Task objective: Transcribe, starting at the line with "The installation position" and ending at the line with "낙동강 담수생태계의 주인", every line of the material below exactly, but leave out the pictures and anything outside that span.

====== Data shown

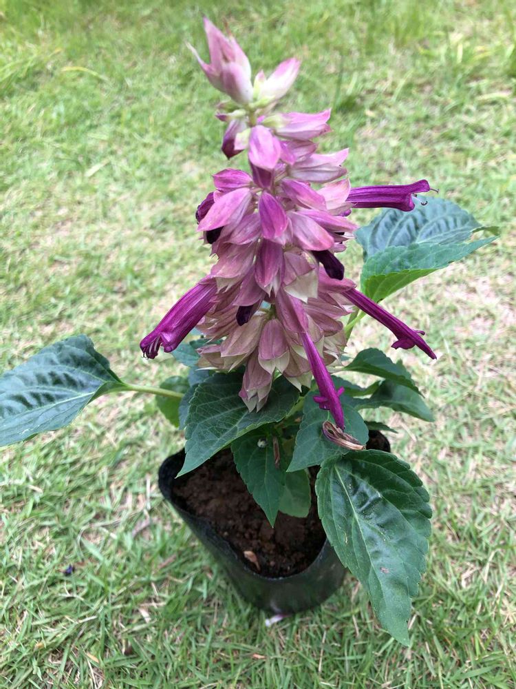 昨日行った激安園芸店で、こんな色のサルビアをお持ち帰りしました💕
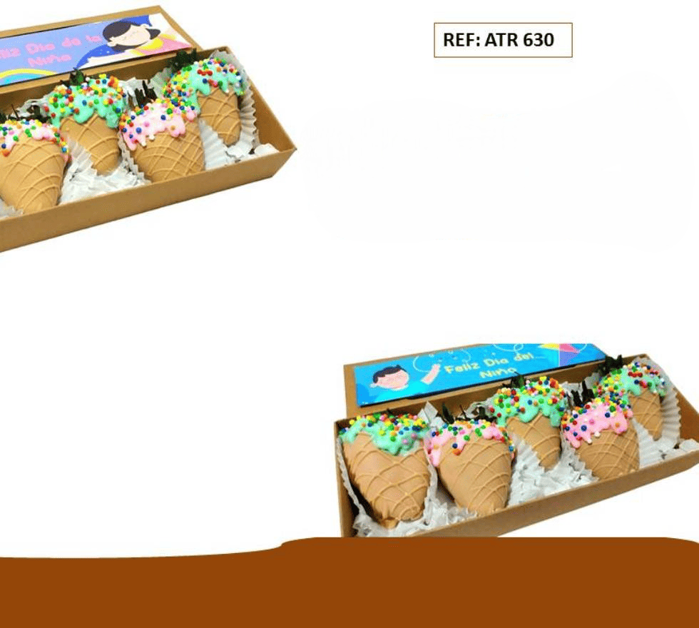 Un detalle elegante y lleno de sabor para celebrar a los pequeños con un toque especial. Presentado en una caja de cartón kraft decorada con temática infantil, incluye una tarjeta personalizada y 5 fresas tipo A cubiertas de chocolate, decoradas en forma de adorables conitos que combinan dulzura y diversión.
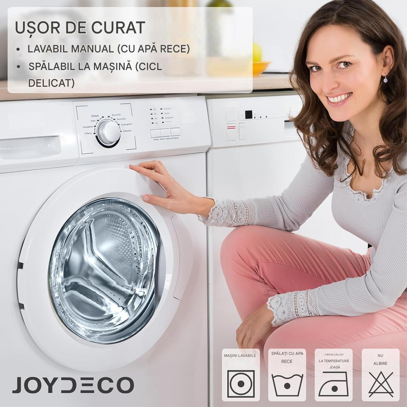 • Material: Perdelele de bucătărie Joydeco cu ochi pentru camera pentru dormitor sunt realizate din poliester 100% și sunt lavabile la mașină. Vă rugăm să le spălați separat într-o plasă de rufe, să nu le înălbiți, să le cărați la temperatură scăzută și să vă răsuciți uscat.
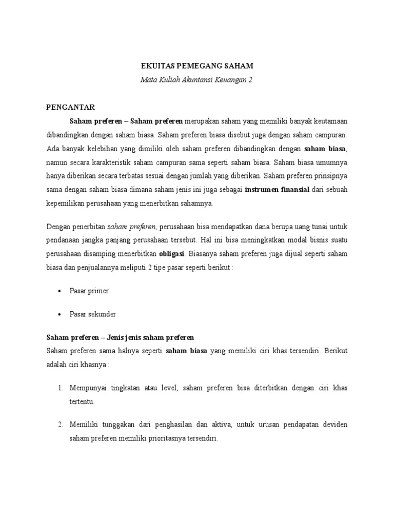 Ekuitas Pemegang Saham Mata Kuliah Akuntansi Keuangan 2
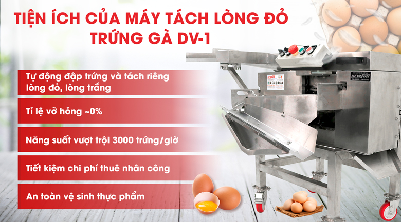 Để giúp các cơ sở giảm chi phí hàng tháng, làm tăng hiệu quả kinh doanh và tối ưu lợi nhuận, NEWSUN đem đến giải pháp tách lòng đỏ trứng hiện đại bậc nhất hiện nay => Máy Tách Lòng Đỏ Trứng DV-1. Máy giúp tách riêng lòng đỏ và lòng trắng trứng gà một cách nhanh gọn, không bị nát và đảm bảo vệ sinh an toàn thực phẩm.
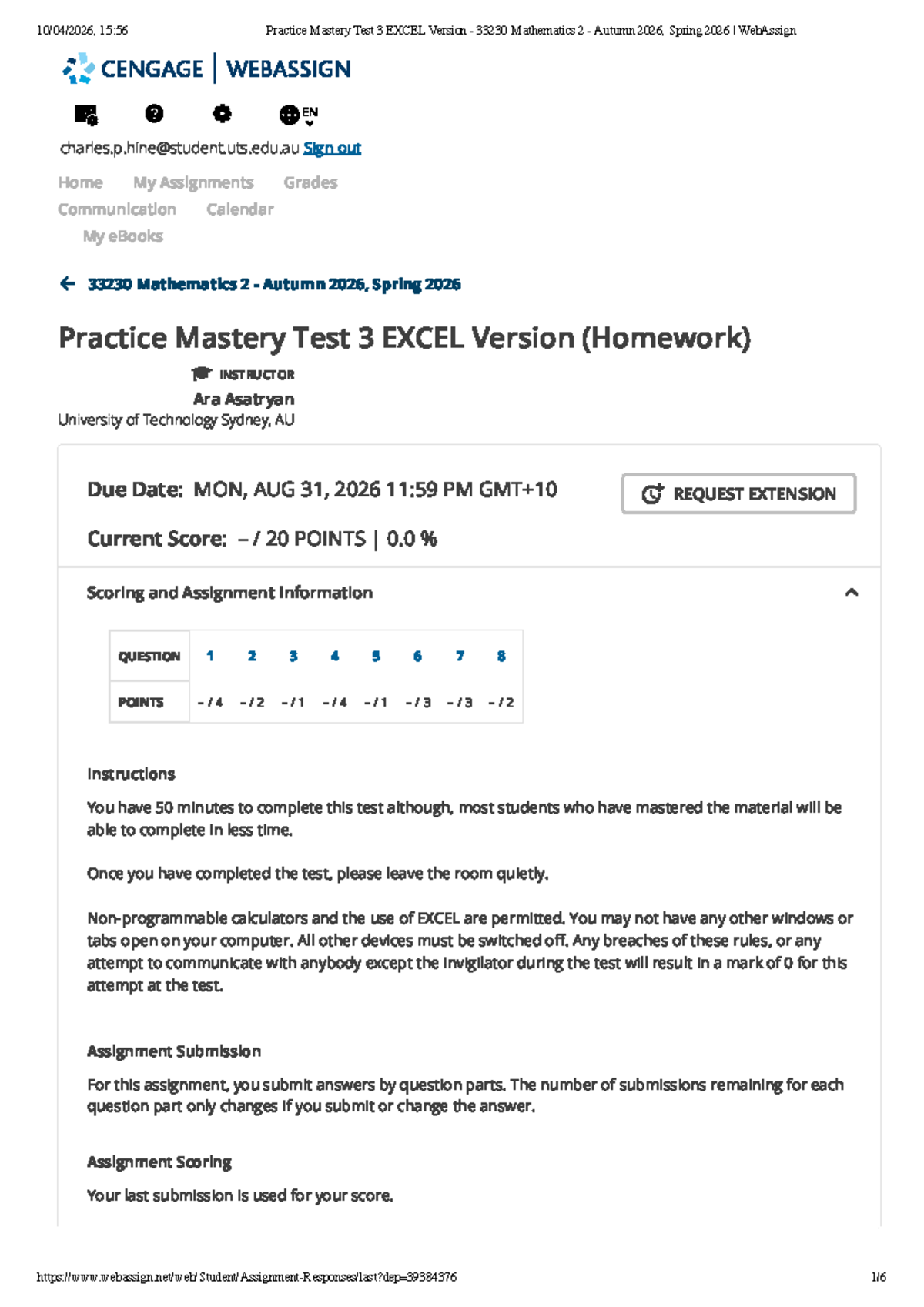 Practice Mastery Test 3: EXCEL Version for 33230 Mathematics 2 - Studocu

============
====== Data shown

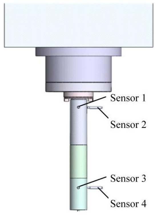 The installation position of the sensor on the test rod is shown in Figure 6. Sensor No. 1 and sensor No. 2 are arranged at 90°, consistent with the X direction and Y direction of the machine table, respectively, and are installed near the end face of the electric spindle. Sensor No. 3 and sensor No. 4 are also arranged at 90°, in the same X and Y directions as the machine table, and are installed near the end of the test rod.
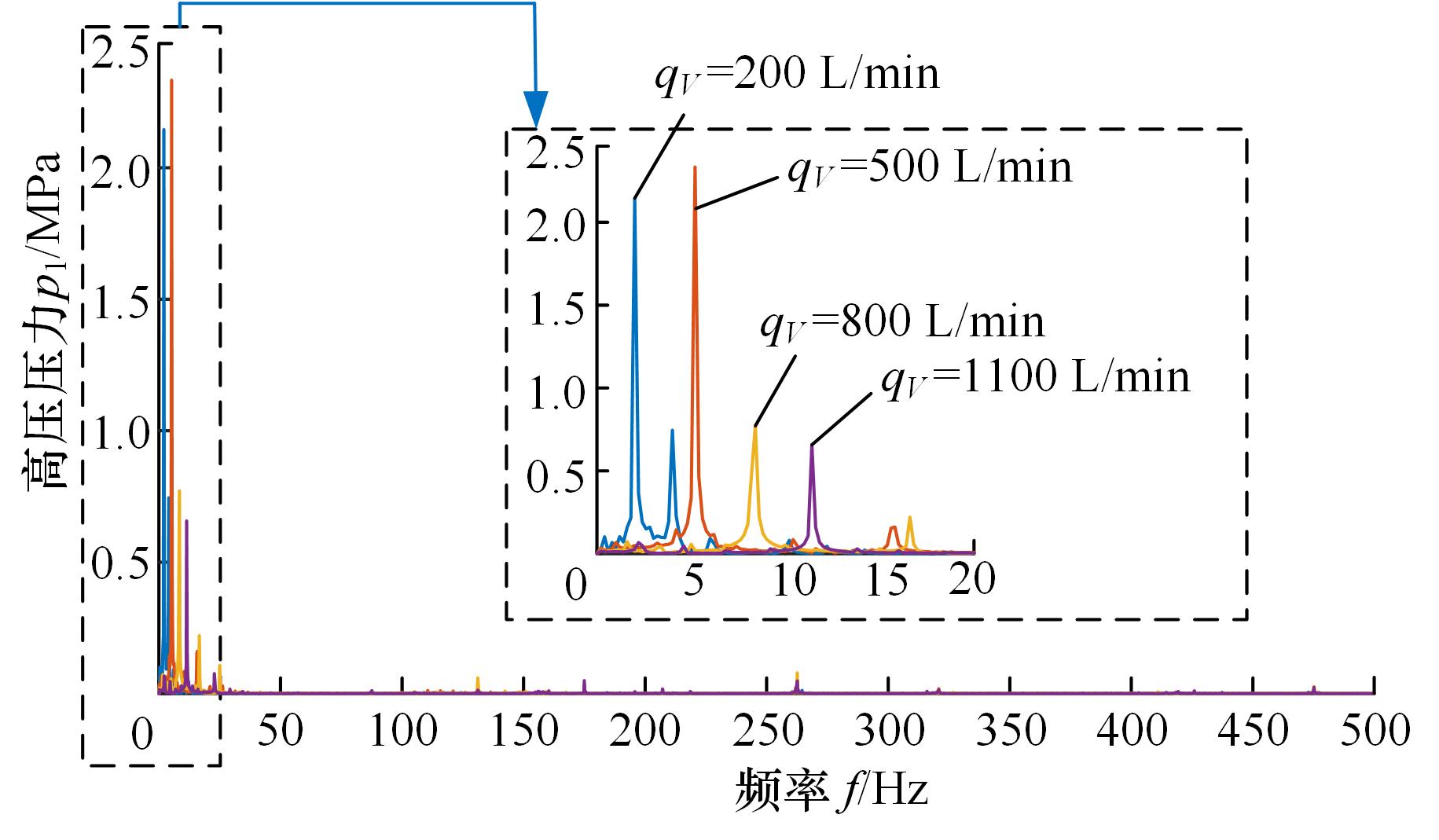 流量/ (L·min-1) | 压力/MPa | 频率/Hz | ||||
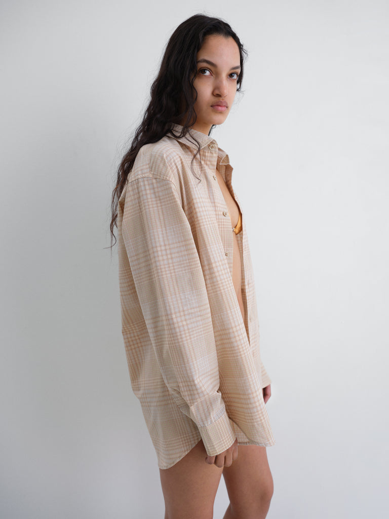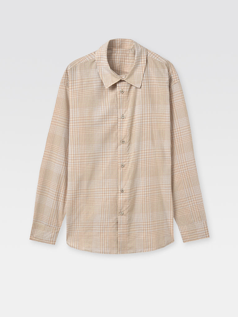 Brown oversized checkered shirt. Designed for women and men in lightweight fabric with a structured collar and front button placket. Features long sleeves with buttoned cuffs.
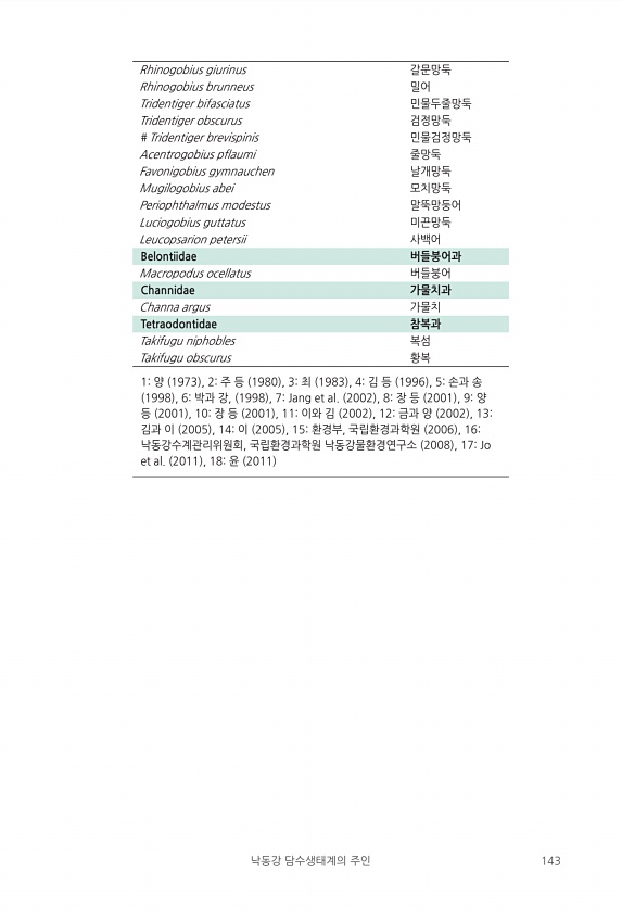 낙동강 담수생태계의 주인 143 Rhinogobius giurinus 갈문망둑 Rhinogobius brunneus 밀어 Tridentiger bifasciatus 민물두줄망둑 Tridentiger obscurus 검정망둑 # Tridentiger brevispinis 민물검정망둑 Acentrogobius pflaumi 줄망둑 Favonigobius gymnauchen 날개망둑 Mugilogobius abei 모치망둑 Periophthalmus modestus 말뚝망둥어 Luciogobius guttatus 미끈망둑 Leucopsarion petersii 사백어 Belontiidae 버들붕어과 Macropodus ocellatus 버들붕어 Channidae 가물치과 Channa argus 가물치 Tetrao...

============

Written reply:
 The installation position of the sensor on the test rod is shown in Figure 6. Sensor No. 1 and sensor No. 2 are arranged at 90°, consistent with the X direction and Y direction of the machine table, respectively, and are installed near the end face of the electric spindle. Sensor No. 3 and sensor No. 4 are also arranged at 90°, in the same X and Y directions as the machine table, and are installed near the end of the test rod.
 流量/ (L·min-1) | 压力/MPa | 频率/Hz | ||||
 Brown oversized checkered shirt. Designed for women and men in lightweight fabric with a structured collar and front button placket. Features long sleeves with buttoned cuffs.
 낙동강 담수생태계의 주인 143 Rhinogobius giurinus 갈문망둑 Rhinogobius brunneus 밀어 Tridentiger bifasciatus 민물두줄망둑 Tridentiger obscurus 검정망둑 # Tridentiger brevispinis 민물검정망둑 Acentrogobius pflaumi 줄망둑 Favonigobius gymnauchen 날개망둑 Mugilogobius abei 모치망둑 Periophthalmus modestus 말뚝망둥어 Luciogobius guttatus 미끈망둑 Leucopsarion petersii 사백어 Belontiidae 버들붕어과 Macropodus ocellatus 버들붕어 Channidae 가물치과 Channa argus 가물치 Tetrao...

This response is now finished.